A ‘great little motivator’ for weight loss
Reported November 21, 2007
While loosening your belt after Thanksgiving dinner, you may want to clip a pedometer to it. The reason: Just wearing a step counter leads to weight loss and lower blood pressure, according to research released Tuesday.
The researchers found that a pedometer is an unusually good motivator to get people to walk more.
People who used a pedometer for 18 weeks walked an average of seven additional miles weekly and shaved 0.4 points from their body mass indexes, a measure of weight that considers both pounds and height. That decrease is the equivalent of 2.5 pounds for a 5-foot-6 person with an initial weight of 195 pounds, according to the report in the Journal of the American Medical Assn.
The device “is a great little motivator,” said Stanford University internist and lead author Dr. Dena M. Bravata. “I never anticipated such a small intervention could have such a big effect.”
Two-thirds of U.S. adults are overweight or obese, and more than half of all adults do not get the 30 minutes of daily exercise recommended by the Department of Health and Human Services, the report said.
A pedometer, which can cost less than $10, is an inexpensive tool to get people walking, researchers said.

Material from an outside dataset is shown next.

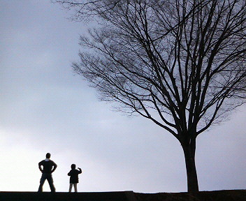 私の実家へ帰省した時、夕暮れ時に、子供達を撮りました 偶然、木と子供だけが写り、澄んだ空気まで、感じられる様な 大好きな1枚になりました45年前の、まだ幼さの残る シルエットは、もう2度と撮れないので、大切にしています
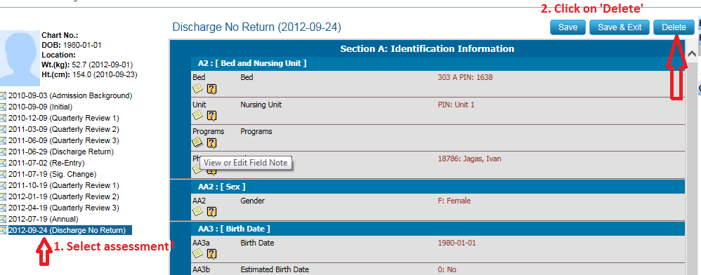 1. Go under e-Assessments > CCRS > Open the assessment for the resident

If 10% of U.S. adults began a regular walking program, $5.6 billion in annual heart disease costs could be saved, according to the report, which was funded by a grant from the National Institute on Aging.
Bravata and colleagues from Stanford and the University of Minnesota analyzed results of 26 studies of pedometer use, with a total of 2,767 participants. Most were female, overweight and relatively inactive before they started their walking programs. The average duration of the studies was 18 weeks.

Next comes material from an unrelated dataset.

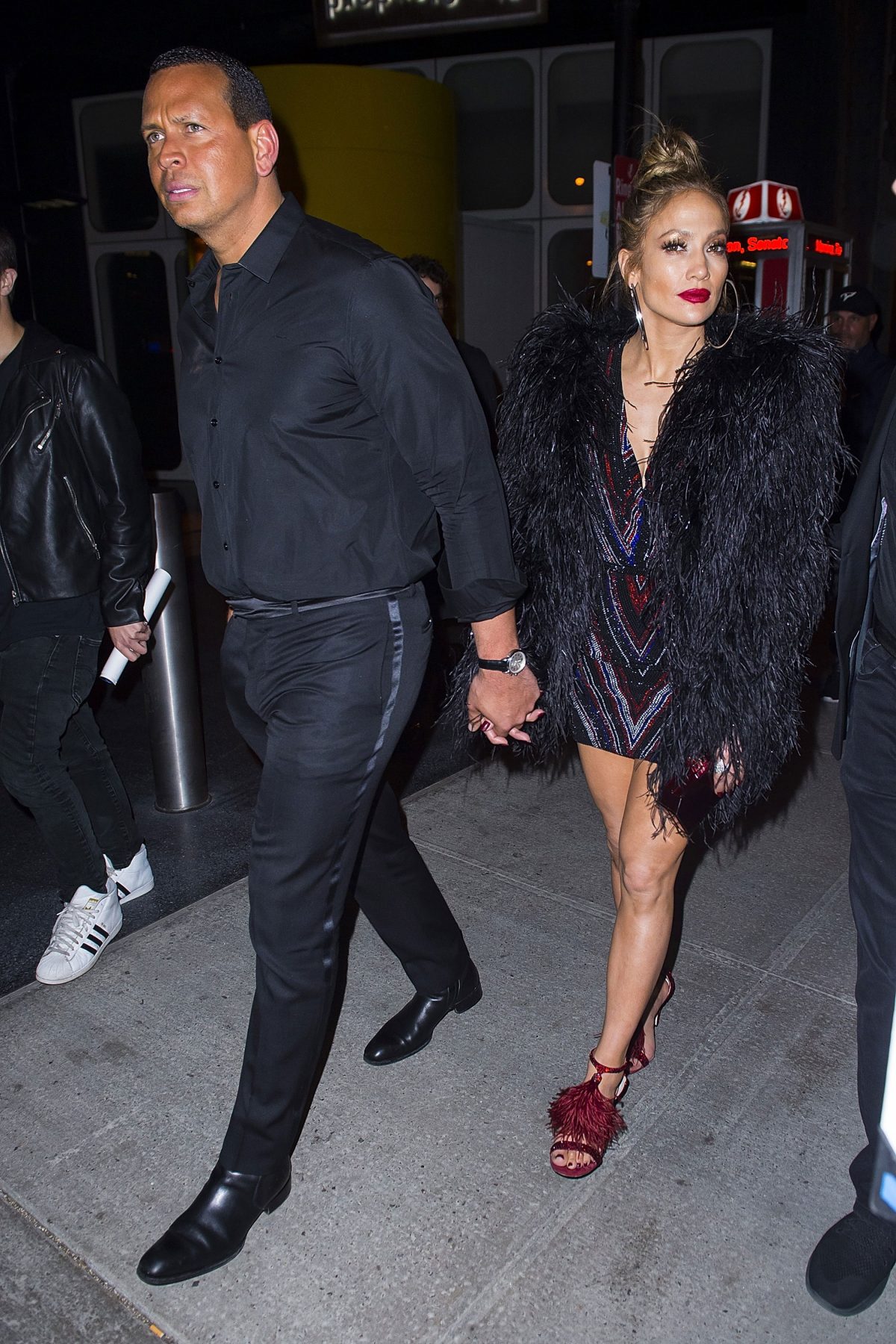 (L-R)Alex Rodriguez 和 Jennifer Lopez 出席2018年 Met Gala After-party,當時 Jennifer 穿上誇張的羽毛外套和 Balmain 連身裙。

The walking programs varied considerably. Nearly all programs included a step goal and diary in which participants recorded their daily activity. Many of the programs included physical activity counseling, and five of them were centered in the workplace.

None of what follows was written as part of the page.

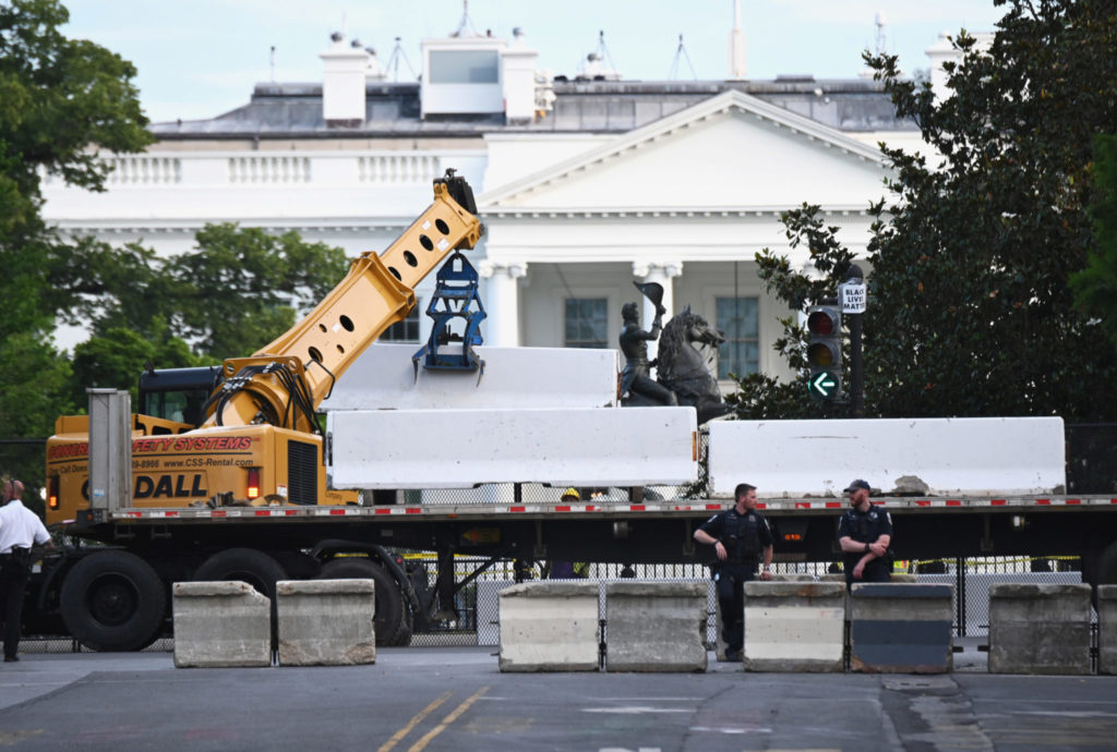 Bildene lyver ikke og forteller noe mediene ikke vil si: Her får man en ide om hvor nær Det hvite hus aktivistene opererer. Statuen av Andrew Jackson som de holdt på å rive i helgen, ligger innenfor de sperringene man nå setter opp. Aktivistenes psykologiske krigføring er klar: Ved å velte Jackson, skulle de gjøre klart hvilken skjebne mannen i Det hvite hus kan vente seg. Foto: Erin Scott/Reuters/Scanpix

Researchers found that participants who wore pedometers increased their activity by 27%, or by more than 2,000 steps daily, the equivalent of one mile.
Systolic blood pressure fell an average of 3.8 millimeters of mercury, a sizable improvement because the blood pressure of participants in general was not that high, Bravata said. A reduction of 2 millimeters is associated with a 10% reduction in the risk of death from stroke and a 7% drop in the chance of cardiovascular death, the study said.
Researchers found that participants who were given step goals or kept diaries increased their activity the most. Although most participants did not meet their goals, just having one to shoot for was a “potent motivator,” Bravata said.
Workplace programs were associated with smaller increases in activity, probably because people attracted to the programs were already fairly active, researchers said.
Dr. Allan Abbott, a professor at the Keck School of Medicine of USC who was not connected to the study, said that the report changed his mind about pedometers and that he planned to add them to his patients’ walking programs.
“This clearly shows the benefit of using pedometers as a motivator of physical activity,” said Abbott, who focuses on fitness and physical activity.
Kelly Brownell, director of the Rudd Center for Food Policy & Obesity at Yale University, said that although the amount of weight lost in the study was small, the cost of a pedometer was also small.
“The real issue is whether people out there on their own — not part of a program where there is an expectation that they will use a pedometer — will use the device long enough to achieve lasting benefit,” he said.